3. Healthy relationship with others: Parents, children, close friends — all of these (if they apply) are necessary intimate relationships. It is important that the time we allot for these relationships includes “hang time,” where we are just spending time together, and the time frame is not pressured or cut short. We simply must set aside time for the meaningful relationships we are trying to have.
4. Means of support: It is a part of the image of God that we work and create with our time and resources. We work to support ourselves and those who depend upon us.
5. Building the Kingdom: All of the above is a part of our role as Kingdom people who build God’s vision here on earth. But there are also particular things that God will call us to in addition to the above. We need to be attentive and obedient to those ministries as well. Without all five of these rocks in place, nothing else in our lives will be as it God desires.
1. “More, better, faster…”: In our culture, we genuinely feel desires as though they are needs. This is a lie from the pit of hell. “Need” is a relatively easy term to define for a human being. We need food, shelter, and clothing to survive. We need the five things listed above to thrive. We do not need “more, better, faster…”

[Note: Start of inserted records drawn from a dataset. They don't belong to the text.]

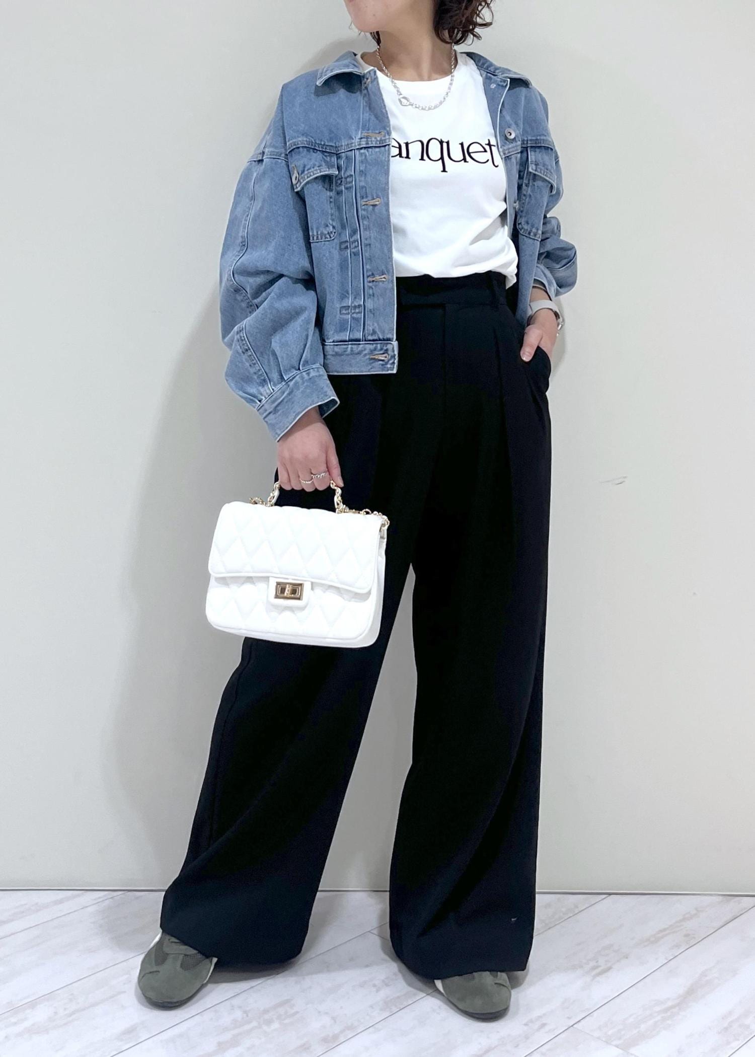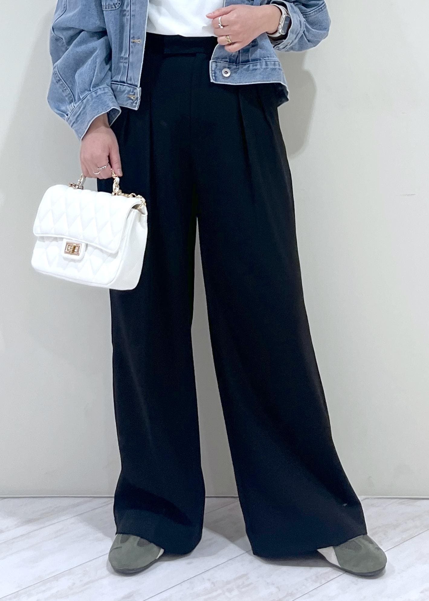 2タック入りのワイドパンツでセンタープレスも効いて脚をきれいに見せてくれます。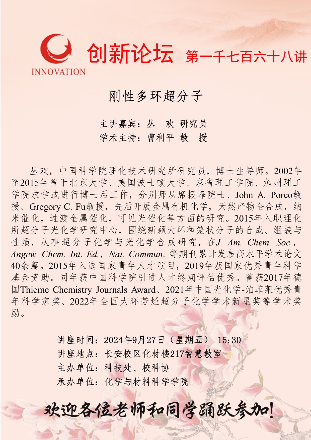 丛欢 研究员 welcome欢迎光临威尼斯集团创新论坛第一千七百六十八讲:刚性多环超分子 讲座时间 2024年9月27日(星期五) 15:30 讲座地点 长安校区化材楼217智慧教室 讲座人介绍 丛欢 研究员 讲座内容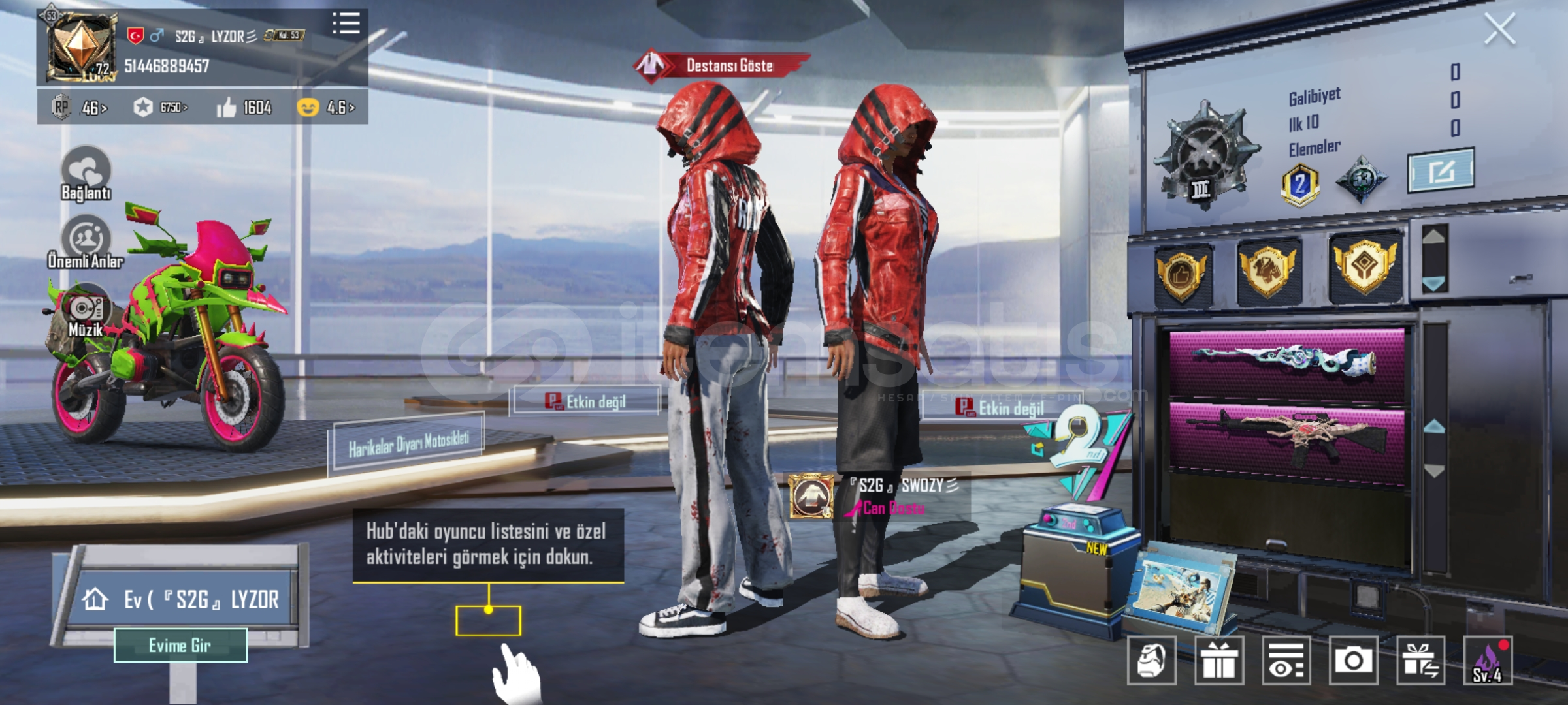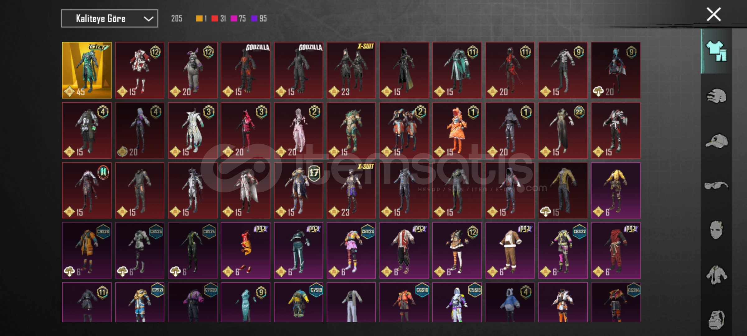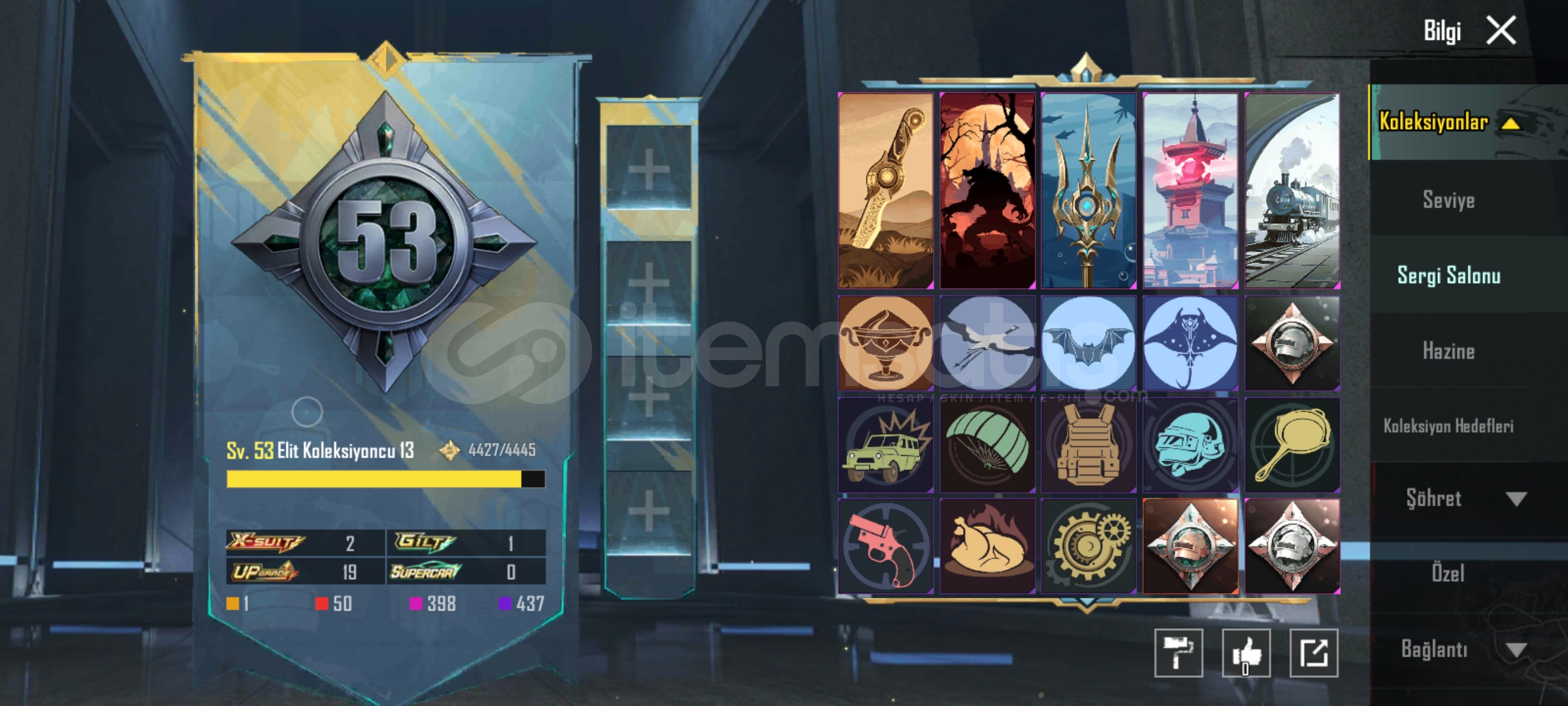 X-suitli,nihaili, destansı gösterişli,19 tane yükseltilebilir silah mevcut tüm silahlarda skin var, araba skinleri uçak skinleri emojiler çantalar vb. 7-8 defa Royal pass açtım koleksiyon seviyesi 54 emek hesabıdır 7 yıldır oynuyordum sıkıldığım için hesabı satıyorum.

2. “More money”: Our desire for more stuff often causes us to feel that we need more money. For this reason, the average American actually works 47 hrs a week. The average used to be 40 and most jobs hire for this, but the average is now 47 hours. In addition to working harder to earn more money, we tend to spend more than we have. The average US household is $14,000 in debt, not including mortgage!
3. “Opportunities”: These may be for ourselves or for our children. There are more opportunities for us to take advantage of today than there ever have been. The problem is that these opportunities compete for the same time and resources that the five “rocks” above require of us. Do the rocks first, then consider the opportunities when it comes to deciding what to do with truly extra time and resources.

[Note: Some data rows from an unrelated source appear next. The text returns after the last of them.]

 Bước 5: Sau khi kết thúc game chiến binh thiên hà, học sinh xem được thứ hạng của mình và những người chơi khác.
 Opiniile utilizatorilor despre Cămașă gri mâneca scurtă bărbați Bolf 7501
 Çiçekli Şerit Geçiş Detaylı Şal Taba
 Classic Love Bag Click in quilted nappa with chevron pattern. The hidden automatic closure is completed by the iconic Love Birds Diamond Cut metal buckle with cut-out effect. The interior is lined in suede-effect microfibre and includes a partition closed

4. “Acquaintances”: don’t rob quality relationships to invest in a high quantity of casual relationships!!! We often keep casual relationships going because it is too awkward to end them. Some people don’t have good boundaries, and that may make things more difficult. But because we are finite, we have to say, “I am sorry, but I just can’t do more for/with you.” “I can’t be your best friend,” etc. We must not sacrifice “rock” relationships for “sand.” “Sand” is good but must be properly prioritized.
We can see that fragmentation is having a lot of unrelated tasks in unrelated places among unrelated people. Simplification is just the opposite. It is relating tasks, places and people together. Consolidate life in relationships and communities. Don’t try to run it alone. Greg described “the simplification principle” this way: “Don’t do alone what can be done with others. Think team, not solo.” Just some of the areas in which we might be able to do this include: work, shopping, taking breaks, fixing things, ministry. DON’T be too utilitarian! It might actually be more efficient to do it alone, but doing things together can support the “rocks” in your life, which is a higher priority than simply “efficiency.” Buying tools together with neighbors might not be the quickest way to get the job done, but you are doing positive building of various sorts when you do it this way. You are reinforcing community and interaction. You are building relationships that are close to the center. Greg also mentioned that starting a small group can be a way to simplify your life. At first it may seem to complicate things, and at first, it does. But over time, it can help to collapse some of the circles and have a small group as a context to build the “rock” relationships you really do need in your life. These things take time. It won’t be done by tomorrow, but over time, with dedication to prioritize and simplify, stress can be reduced, and the quality of your Christian life will increase.